我想知道在下面的示例中是否有更好的方法来创建我的左连接:

SELECT TOP 10 COALESCE(A.COD_PRODUCT, B.COD_PRODUCT),
              COALESCE(A.COD_FAMILY, B.COD_FAMILY),
              COALESCE(A.DATE_EXTRACT, B.DATE_EXTRACT),
              A.MASS
              B.VOLUME
              C.PRICE
FROM FIRSTTABLE A FULL JOIN SECONDTABLE B ON B.COD_PRODUCT = A.COD_PRODUCT
                                          AND B.COD_FAMILY = A.COD_FAMILY
                                          AND B.DATE_EXTRACT = A.DATE_EXTRACT
LEFT JOIN THIRDTABLE C ON C.COD_PRODUCT = COALESCE(A.COD_PRODUCT,B.COD_PRODUCT)
                      AND C.COD_FAMILY = COALESCE(A.COD_FAMILY, B.COD_FAMILY)
                      AND C.DATE_EXTRACT = COALESCE(A.DATE_EXTRACT, B.DATE_EXTRACT)

这种接缝需要很长时间,我怀疑它非常昂贵且可以改进

编辑:我想在视图中改进这个SELECT FROM JOIN 语句。

【问题讨论】:

  • 您已经在 SELECT 子句中合并。我想认为 SQL Server 正在对此进行优化,以便它只执行 COALESCE() 一次,并没有真正增加执行第三次连接的时间,除了必须首先执行它。也许将除第三个连接之外的所有内容都放入子查询中,然后在子查询之外连接(在 SELECT COALESCE() 发生之后)以确保 SQL 服务器只执行一次昂贵的操作。不过,这可能又是一次洗涤。
  • SELECT 语句中的 COALESCE 似乎是不必要的,因为您要加入这些相同的字段。因为当这些字段匹配时您正在加入,所以不会处理任何 NULL 字段,除非两个表都有 NULL。例如,如果B.COD_PRODUCT = A.COD_PRODUCT 等于NULL = NULL,那么将有一行 COD_PRODUCT 为 NULL。但是COALESCE (A.COD_PRODUCT, B.COD_PRODUCT) 仍将返回NULL
  • 当我不在 SELECT 语句中使用 coalesce 时,它​​会发生一些变化。使用合并时,有 942028 行,其中 3 个第一列都不为空。如果我不使用coalesce,使用表A字段时为640142行,使用表B字段时为490522行。所以我会保持合并。
  • 不清楚,你要选择Top 10 of which tableTop 10 on order by of what column。这是主要标准。

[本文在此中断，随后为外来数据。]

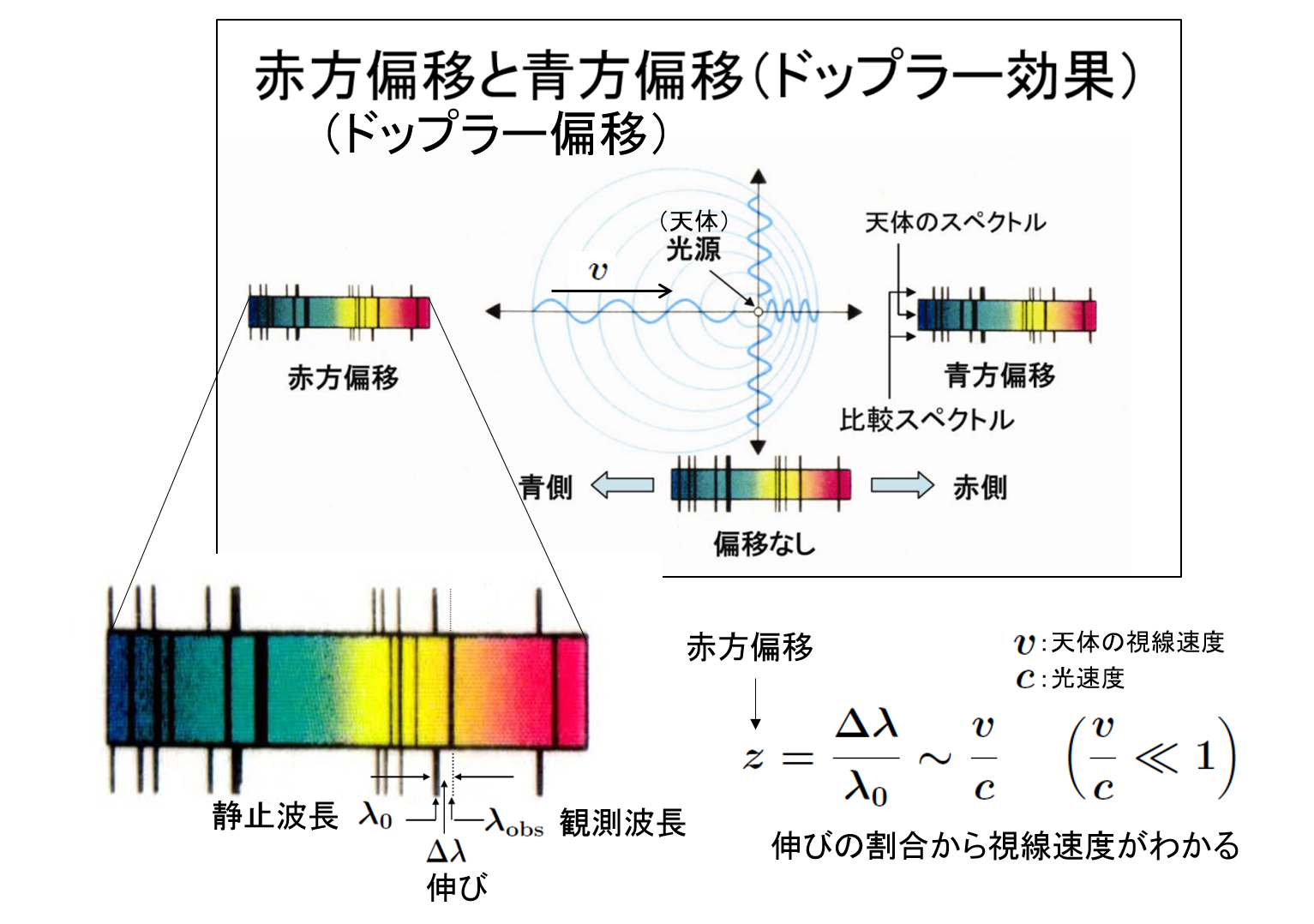 天体のスペクトル中の吸収線や輝線の波長のずれから天体と観測者の視線方向の相対速度を知ることができるドップラー効果は、天文学の基本的な研究手段である。ドップラー効果は天文学の発展に大きな役割を果たしていることに加え、現代社会のさまざまな分野で応用されている(例:野球で投球スピードを測るスピードガン、ドップラーレーダーなど)。
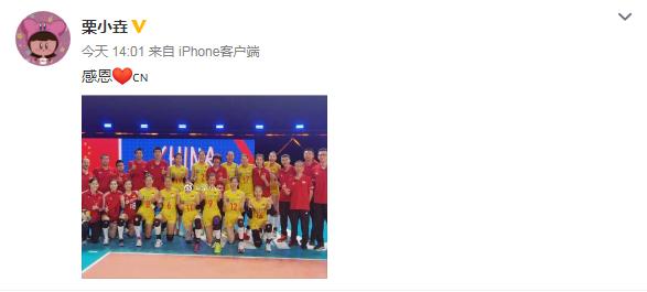 栗垚写道:“感恩!”并在后面贴上了中国国旗和爱心。虽然只有短短2个字,但还是可以看出她对于能够代表中国女排参加世联赛的激动之情。的确,在参加本次世联赛的所有球员里,除了栗垚是新人外,其余队员或多或少都有参赛经验,就连空降进入的段放都是世联赛的常客。
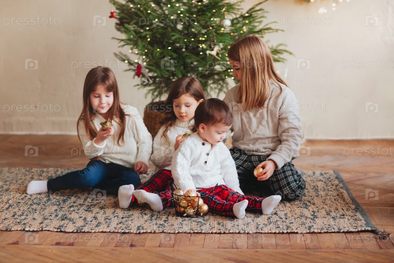 Счастливые четверо маленьких братьев и сестер, три сестры и младший брат в теплых вязаных свитерах собрались вокруг елки
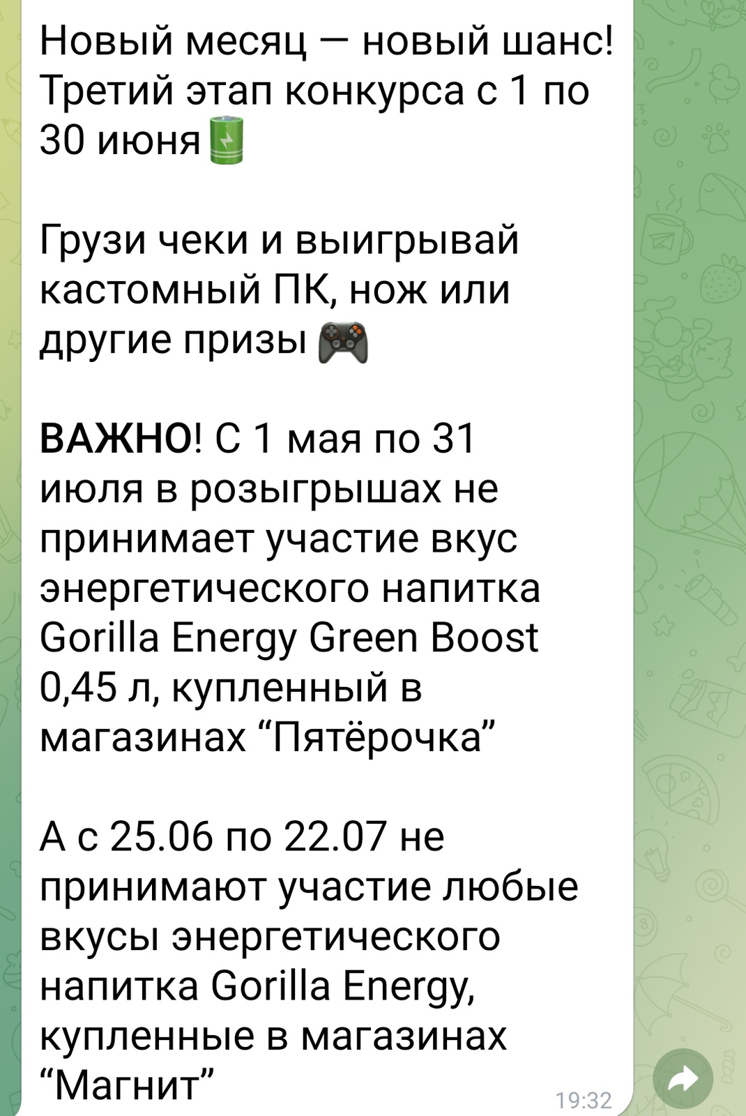 Подтвердите участие в акции приложении «Магнит», покупайте продукцию Gorilla Energy, сканируйте карту Магнит Плюс на кассе и участвуйте в розыгрыше призов.

标签: sql sql-server join optimization


【解决方案1】:

连接中的合并或 OR 会大大降低查询速度。根据表的大小,更好的答案可能是加入表 c 两次。一次在表 A 上,又一次在表 B 上,然后在您的 select 子句中合并。

选择 TOP 10 COALESCE(A.COD_PRODUCT, B.COD_PRODUCT,c.COD_PRODUCT,ca.COD_PRODUCT),
COALESCE(A.COD_FAMILY, B.COD_FAMILY,c.COD_FAMILY,ca.COD_FAMILY),
COALESCE(A.DATE_EXTRACT, B.DATE_EXTRACT,c.DATE_EXTRACT,ca.DATE_EXTRACT),
A.MASS
B.音量
C.价格
来自第一表A
FULL JOIN SECONDTABLE B
ON B.COD_PRODUCT = A.COD_PRODUCT
AND B.COD_FAMILY = A.COD_FAMILY
AND B.DATE_EXTRACT = A.DATE_EXTRACT
左加入第三表 C
ON C.COD_PRODUCT = A.COD_PRODUCT
AND C.COD_FAMILY = A.COD_FAMILY
AND C.DATE_EXTRACT = A.DATE_EXTRACT
左加入第三表 Ca
在 Ca.COD_PRODUCT = b.COD_PRODUCT
和 Ca.COD_FAMILY = b.COD_FAMILY
AND Ca.DATE_EXTRACT = b.DATE_EXTRACT

【讨论】:

  • 帽子男怎么了 ;~)
【解决方案2】:

您可以将查询一分为二:收集所有匹配 FIRTTABLE 的数据。然后将它与所有匹配 SECONDTABLE 且不在 FIRTTABLE 中的数据合并。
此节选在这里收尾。